Supplied information Block Start

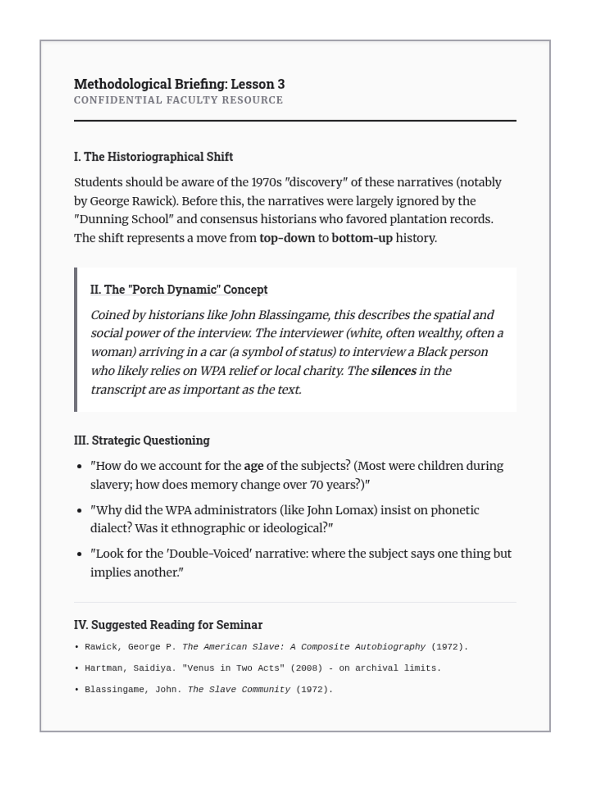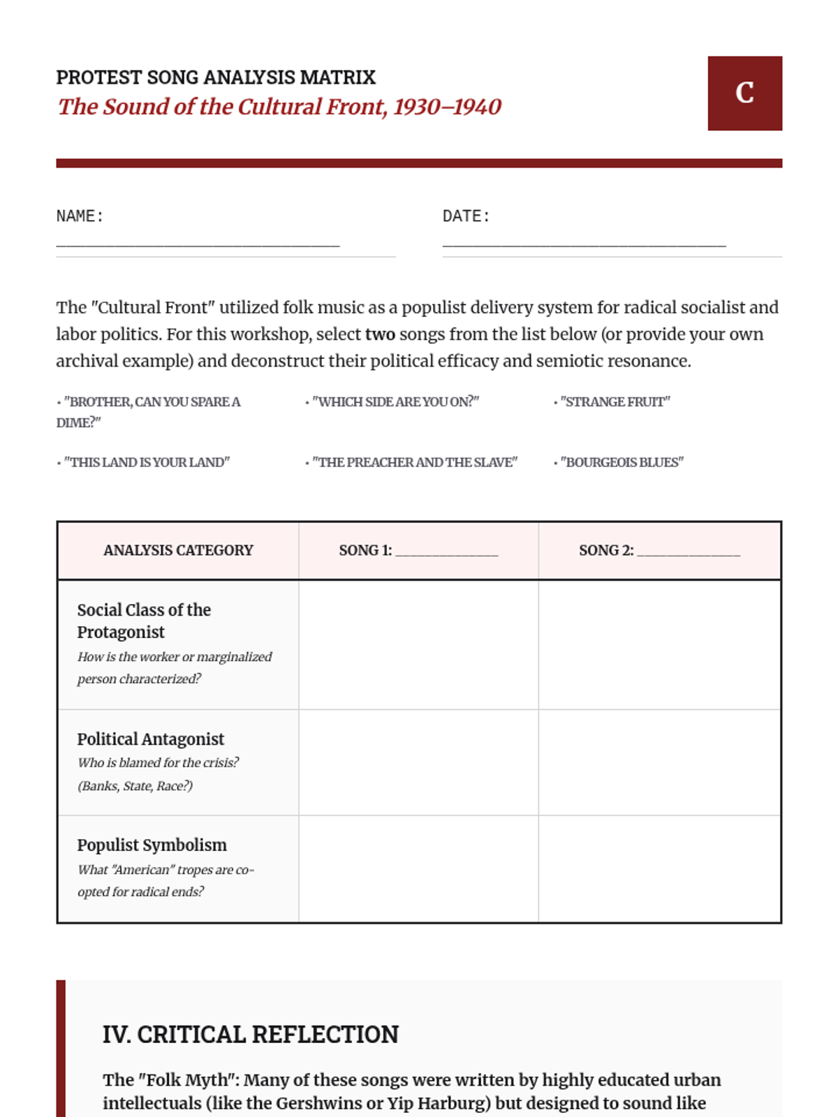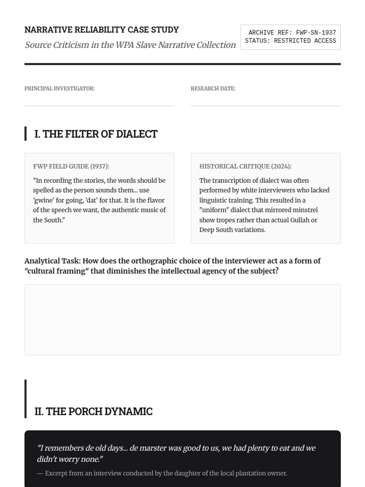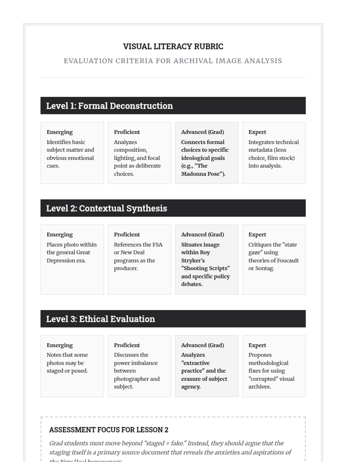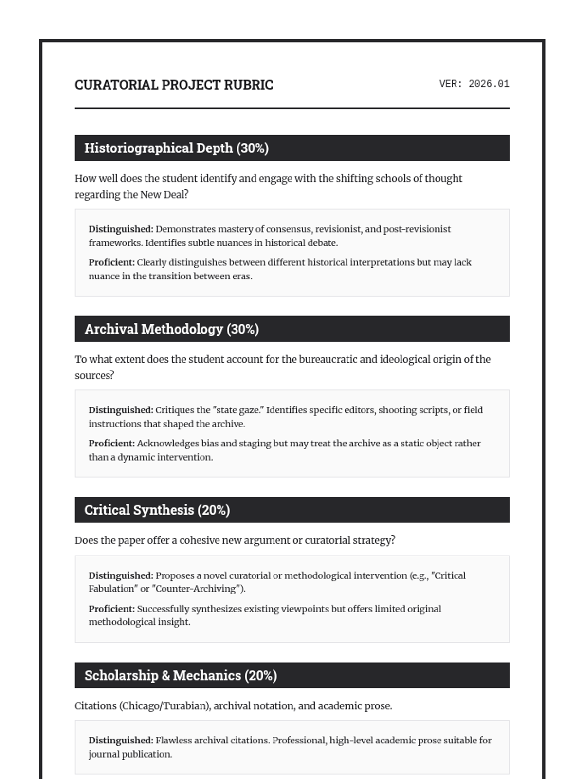 A graduate-level sequence exploring the Great Depression through the lens of New Deal cultural programs, focusing on archival methods, visual sociology, and historiography. Students critique state-sponsored narratives and use primary sources from the WPA, FSA, and Federal Writers' Project to reconstruct 'history from below'.
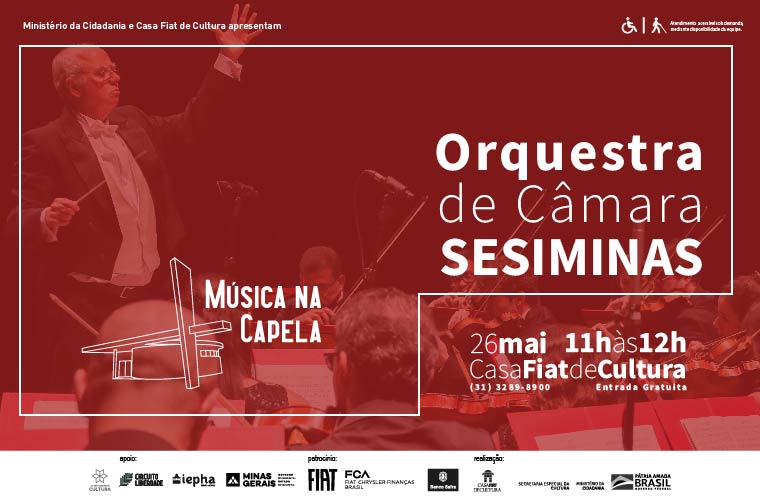 A Orquestra de Câmara SESIMINAS, com regência do maestro Marco Antônio Drumond, fará um passeio musical que começa com o clássico chorinho de Ernesto Nazareth passando por Mozart, Bach, J.Brahms e Villa-Lobos. Na segunda parte do concerto serão apresentadas canções de Duke Ellington, Chico Buarque, do grupo mineiro Skank, finalizando com Tico-tico no fubá de Zequinha de Abreu. Espaço sujeito à lotação (80 lugares).
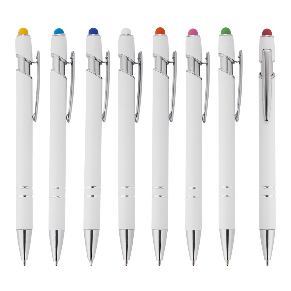 Caneta metálica touchscreen com acionamento por clique, carga esferográfica azul 1.0mm.

Supplied information Block End

◆ **Exercise objective**
What you return should be the full listing, unchanged, minus the pictures.

◆ **Worked solution**
 A graduate-level sequence exploring the Great Depression through the lens of New Deal cultural programs, focusing on archival methods, visual sociology, and historiography. Students critique state-sponsored narratives and use primary sources from the WPA, FSA, and Federal Writers' Project to reconstruct 'history from below'.
 A Orquestra de Câmara SESIMINAS, com regência do maestro Marco Antônio Drumond, fará um passeio musical que começa com o clássico chorinho de Ernesto Nazareth passando por Mozart, Bach, J.Brahms e Villa-Lobos. Na segunda parte do concerto serão apresentadas canções de Duke Ellington, Chico Buarque, do grupo mineiro Skank, finalizando com Tico-tico no fubá de Zequinha de Abreu. Espaço sujeito à lotação (80 lugares).
 Caneta metálica touchscreen com acionamento por clique, carga esferográfica azul 1.0mm.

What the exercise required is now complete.